A taxpayer aggrieved by their tax assessment issued by SARS has the right to dispute the assessment and these are the steps to follow:
- Request reasons: A taxpayer has 30 business days from the date of the assessment to request SARS to provide detailed reasons for the assessment raised. SARS will have up to 45 business days to provide detailed reasons for the assessment from the date of delivery of the taxpayer’s request.
- Request for suspension: “Pay now, argue later”, the saying stands true. Once SARS has raised an assessment, the tax is due and payable on assessment even if the taxpayer is aggrieved by the assessment. The dispute process does not delay or suspend the obligation to pay the tax due by a taxpayer. A taxpayer must make a formal application to SARS to suspend the payment of tax pending the outcome of the objection or appeal.
- Lodge objection: A taxpayer has 30 business days from the date of delivery of SARS’ detailed reasons to lodge an objection against the assessment raised. Within 30 business days after the delivery of the objection, SARS may request the taxpayer to produce additional substantiating documents pertaining to the objection. A taxpayer will have 30 business days from the date of SARS’ request to deliver the substantiating documents.
- SARS decision: If SARS does not request substantiating documents, SARS has 60 business days from the date of delivery of the objection to provide its decision on whether to allow or disallow the objection. If SARS has requested substantiating documents, SARS has 45 business days from the date of delivery of the substantiating documents to provide its decision on whether to allow or disallow the objection.

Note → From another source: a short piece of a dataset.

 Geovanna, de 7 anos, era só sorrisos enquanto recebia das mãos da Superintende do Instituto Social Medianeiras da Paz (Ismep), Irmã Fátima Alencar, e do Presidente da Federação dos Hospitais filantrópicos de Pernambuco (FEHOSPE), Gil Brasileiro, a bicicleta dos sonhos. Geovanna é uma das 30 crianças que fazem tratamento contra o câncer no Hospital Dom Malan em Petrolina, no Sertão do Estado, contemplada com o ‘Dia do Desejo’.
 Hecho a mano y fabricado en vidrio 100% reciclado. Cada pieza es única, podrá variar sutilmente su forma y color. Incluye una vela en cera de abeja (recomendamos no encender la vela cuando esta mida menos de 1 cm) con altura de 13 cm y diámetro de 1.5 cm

- Revised Assessment or Appeal: If the objection is allowed, SARS will issue a revised assessment in accordance with the objection. If the objection is disallowed, the taxpayer may appeal within 30 business days from the date of delivery of SARS’ decision.

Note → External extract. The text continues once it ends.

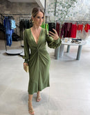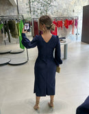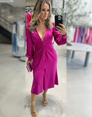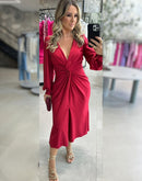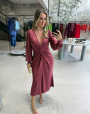 Vestido longuete em malha Jersey, com detalhe torcido na cintura e manga princesa.

- Alternative dispute resolution: The dispute process makes provision for a taxpayer to elect that the dispute is resolved through the Alternative Dispute Resolution (ADR) process thereby avoiding having the dispute escalate to the Tax Board or Tax Court (litigation).
- Tax Board or Tax Court: If the dispute is not resolved by ADR the matter will be heard by the Tax Board or Tax Court (depending on the quantum of the dispute).